Matthews Asia's Kenichi Amaki assesses the pace of change in Japan.
The need for an improvement in Japanese corporate governance is not a new topic, and it has received a lot of attention in recent years. However, change never happens quickly in Japan and some investors are now asking whether it's making decent headway.
Corporate governance progress should not be underestimated: According to a recent survey by Japan Investors Relations Association, some 60% of companies said they now have a capital policy in place - up from 32% in 2015 - while some 57% have a return on equity (ROE) target. In comparison, when I visited Japanese companies 15 years ago, many managers wouldn't know what ROE was and what it meant for investors. Today many of them do have written ROE targets in their presentation materials and understand that it is important for investors.

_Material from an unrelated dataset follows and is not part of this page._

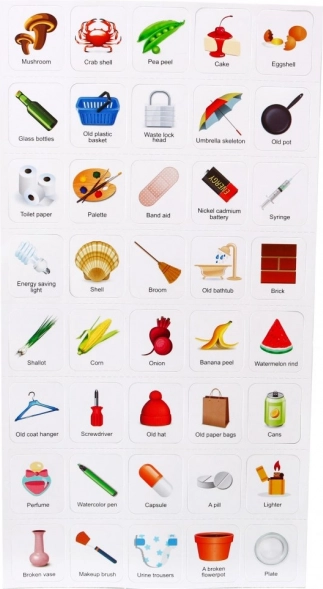 Setul include o broșură cu carduri ilustrate care explică sortarea corectă a deșeurilor: verde – deșeuri de bucătărie/bio, albastru – deșeuri reciclabile, gri – deșeuri menajere, roșu – deșeuri periculoase. Astfel, copiii își însușesc natural obiceiuri ecologice și responsabilitatea față de mediu.

The same survey also showed that some 44% of companies are now aware of the cost of equity, though I somewhat doubt that this is true. Five to 10 years ago, the cost of equity was a completely foreign concept to the typical Japanese company -- for them equity was free money, money they didn't have to pay back. Nowadays, some at least, know there is a certain cost.
However, we should not tar all companies with the same brush: Those companies that have large overseas operations, or derive a large portion of their revenues from outside of Japan, tend to have better corporate governance practices in place. This is because they operate in environments in which they are required to follow governance rules. Domestic firms, which have not been subject to the same extent of foreign competition, tend to be unaware -but not ignorant- of the generally accepted corporate governance practices.
Recently, we have been able to engage with some companies that previously did not meet with investors, and I have also witnessed some improvement in how companies disclose information.
Company managers appear to be thinking more deeply about the business' capital structure, which is being demonstrated in their share buy-back announcements.
Meanwhile a lot of companies have multiple independent directors these days, which is impacting the nature of conversations at Japanese board meetings. It's true that many companies are just trying to fulfil the number that is stipulated by the corporate governance code, but at least there is now some awareness that corporate governance can no longer be ignored. It is slowly, but surely moving ahead and it is likely to lead to improved returns on capital going forward.
We are already seeing higher dividends and stronger share buybacks, but we still have a long way to go. Japan's corporate governance reforms might not be charging ahead, but as we all know from the story of the hare and the tortoise, speed is not always the key factor in winning. The truth is that change takes time in Japan and investors will need to be patient to reap the rewards.